A bag of crawfish with old bay seasoning at Ben's Crab...

A bag of crawfish with old bay seasoning at Ben's Crab in Oceanside. Credit: Yvonne Albinowski

When Ben’s Crab opened in Oceanside in 2017, it was the only restaurant on Long Island serving what it called “Louisiana Cajun Style Seafood.” Now boiled feasts of spicy crawfish, crab legs, lobster tails and / or shrimp are popping up like mushrooms after a rainstorm. From Cajun Claws in Patchogue to Cajun Crab Shack in Floral Park, more than a dozen “Cajun seafood” eateries have opened in the last year or are planning to do so soon.

Deleep Nair and Amber Nair from Maryland, and Denise Cordova...

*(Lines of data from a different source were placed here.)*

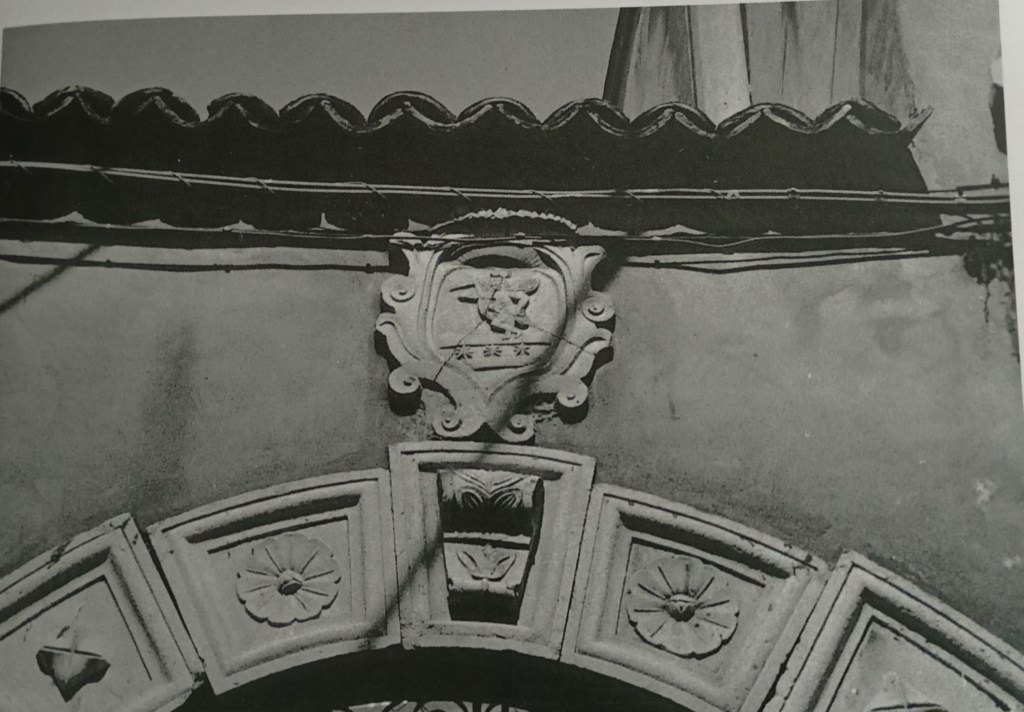 Sopra della struttura si trova lo stemma. Esso si compone di una figura alata, raffigurata di prospetto, con la gamba destra ripiegata sulla sinistra, la cui mano sul fianco sembra reggere il mantello che copre la parte centrale del corpo. Sostiene con la mano alzata una lancia.
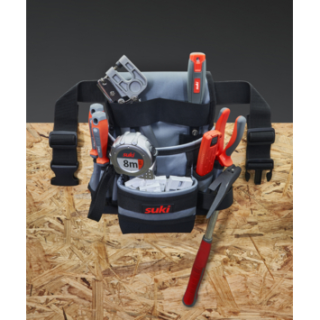 In de 11-vaks gereedschap- en spijkertas berg je al je spijkers, schroeven en ander gereedschap handig op. De tas heeft 11 opbergvakken waarin je gereedschap, schroeven, spijkers en andere kleine voorwerpen kwijt kan. Daarnaast heeft de tas 2 hamerringen die het meedragen van hamers gemakkelijk maken. Je bevestigt de gereedschap- en spijkertas met behulp van de verstelbare riem. Zo heb je al je gereedschap, spijkers en schroeven direct bij de hand wanneer je aan het klussen bent.
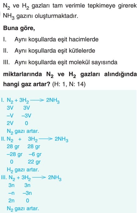 Gazlar için aynı koşullarda hacim ile mol sayısı doğru orantılıdır. Eşit mol ya da hacimli soru tiplerinde tepkimeye giren maddelerin katsayısı büyük olan sınırlayan maddedir.
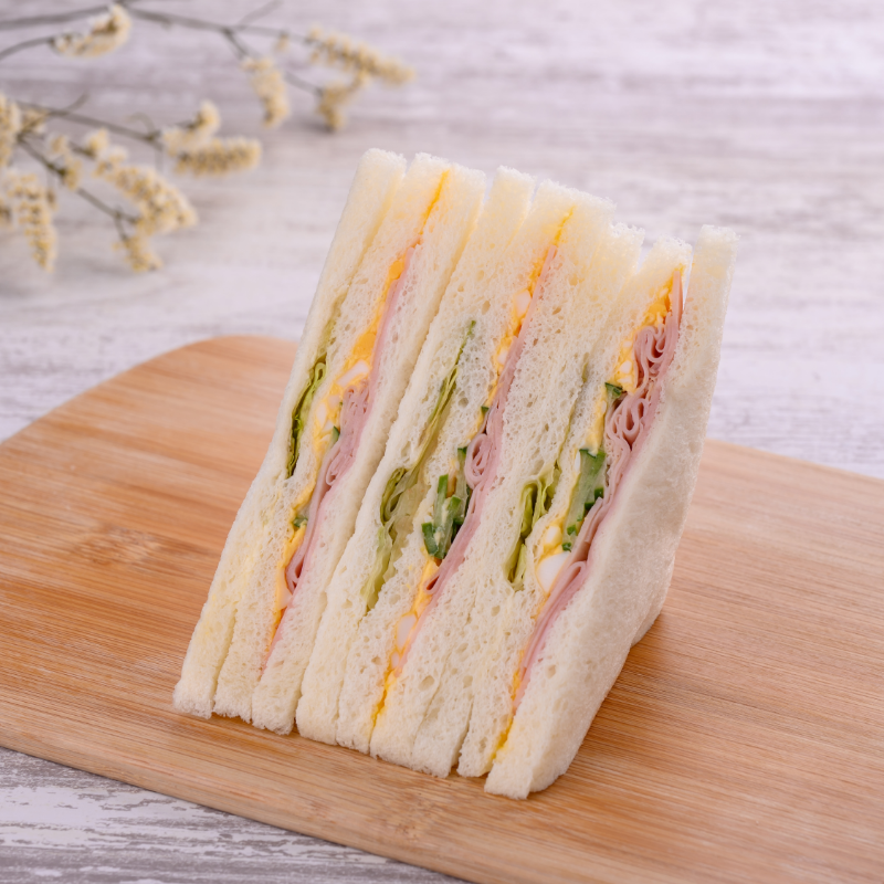ハム・きゅうり・レタス・たまごサラダの具材を組み合わせたサンドイッチを、お値段そのまま1個増量し「たぶん40%増量」しています。玉ねぎやピクルスを使用したタルタルソースがアクセントになっています。

Deleep Nair and Amber Nair from Maryland, and Denise Cordova from Freeport enjoy their seafood boils at Ben's Crab in Oceanside. Credit: Yvonne Albinowski

“The dining scene is changing,” said Cecilia Burgos, a marketing executive at Hook & Reel, which operates one franchise in Hicksville and more than 15 nationwide. “This style of restaurant appeals to millennials, and also to Latino and African American diners.” The chain has more than 50 new locations in the works, including in Valley Stream, Westbury and Bay Shore. Hook & Reel’s corporate headquarters is in Flushing, Queens and, Burgos said, almost all of the franchises are Chinese-owned — as are most of the Cajun seafood restaurants in the Metropolitan area. (One notable exception: Ben's Crab, whose owner, Nico Salindho, emigrated from Indonesia.)

Menus vary, but the main event is a collection of crustaceans and mollusks, plus potatoes and corn on the cob, tossed in a huge, clear plastic bag with your choice of seasonings. The bag is tied up and boiled and then brought, steaming, to your table. Equipped with plastic gloves, lobster crackers and picks, you dig right into the open bag to manhandle your quarry.

Cajun seafood restaurants, such as Hook & Reel in Hicksville, are making waves across Long Island. Shift leader, Sarah Khan, explains why the seafood boil is a customer favorite.  Credit: Daniel Brennan

Most restaurants offer a build-your-own bag option, with per-pound prices $13 to $19 for crawfish, shrimp, mussels and clams, around $25 for snow crab legs, $30 for lobster and topping out at around $40 for king crab legs. Or there may be set combos of two or more species. The sauce lineup usually includes garlic butter, Old Bay, lemon pepper and Cajun; the spice level is also up to the diner.

Salindho, who opened a second Ben’s Crab in Uniondale in October, said that when his first restaurant opened, customers balked at the format. “‘Why don’t you peel the shrimp?’' they asked. ‘Why are you making us do all the work?” But over the last two years, the complaints have abated. “Now that it’s so popular, people have changed their minds.”

Nadine Cole from Baldwin enjoys the king crab and shrimp...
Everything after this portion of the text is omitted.